Flavonoids are an important class of phytopharmaceuticals in plants. Naringin (naringenin- 7-O-rhamnoglucoside) is a flavanone glycoside isolated from folk herbal medicine Exocarpium Citri grandis (called Huajuhong in Chinese). Massive experimental works have been performed on naringin describing its phytochemical, pharmacokinetic, and bioactive properties.

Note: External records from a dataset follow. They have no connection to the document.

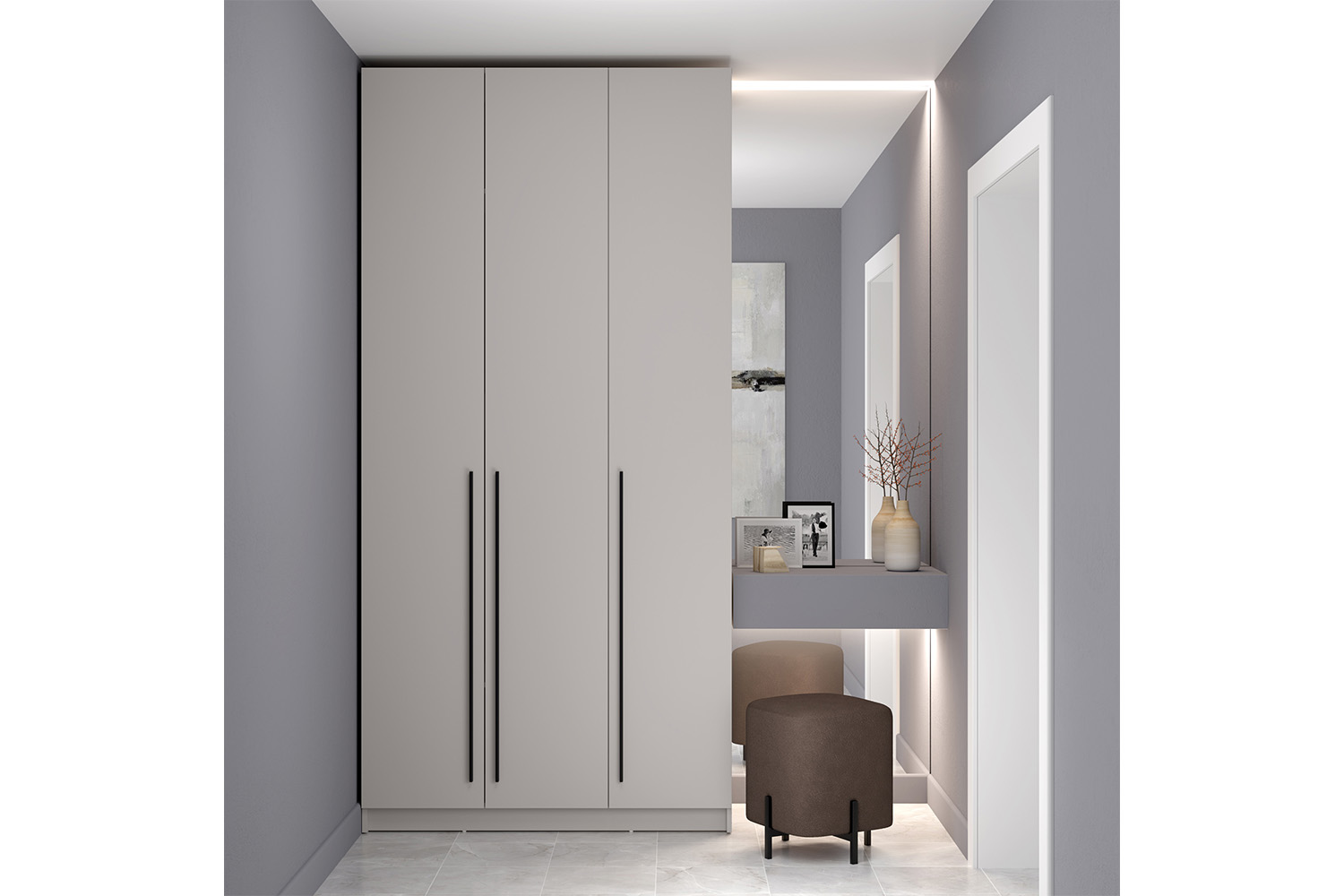 Запросить индивидуальное предложениеШкаф для одежды Брандо 67.08 – стильный распашной трехстворчатый шкаф в минималистичном современном стиле.
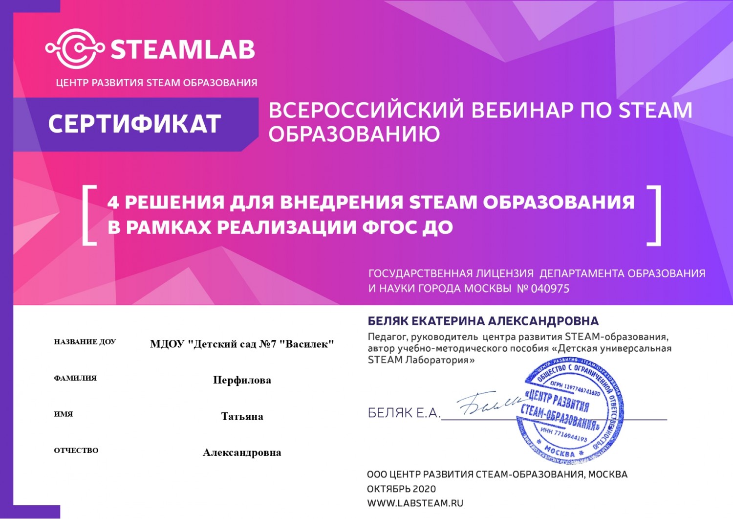 Персональный сайт старшего воспитателя Перфиловой Татьяны Александровны
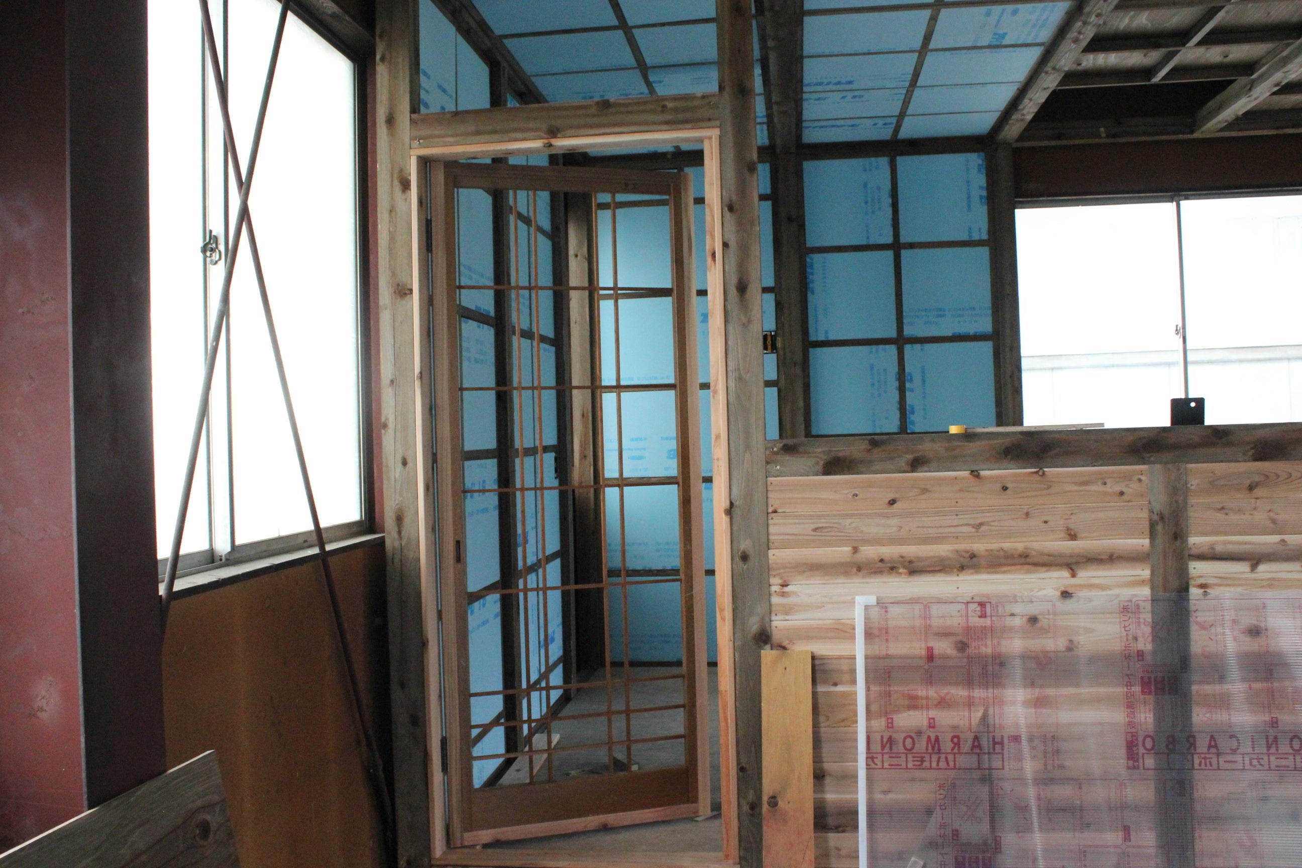 そして扉として使うのが、自宅にあった取ってしまっていらなくなった障子。そのまま合わせてみるとちょっと違和感がありましたが、障子紙を剥がすととってもかわいくなりました。この障子の周りに木材をつけてサイズを調整し、蝶板をつけて取り付けました。今は紙がなくスカスカですが、ここにポリカーボネートというプラスチックでできた透明の板をはろうと思っています。

Naringin was found to possess multiple pharmacological activities in relieving inflammation, diabetes, neurodegeneration, cardiovascular disorders, and metabolic syndrome. Recently, it has been approved as a potential antitussive and expectorant for clinical trials. However, the pharmacokinetic aspects of naringin and its therapeutic potentials in respiratory diseases have not been comprehensively reviewed. The present review provides highlights of naringin with respect to its absorption, distribution, metabolism, excretion and its therapeutic effects on cough, phlegm, and pulmonary inflammation. This review would be helpful for the interpretation of pharmacokinetics and pharmacodynamics of naringin in clinical trials.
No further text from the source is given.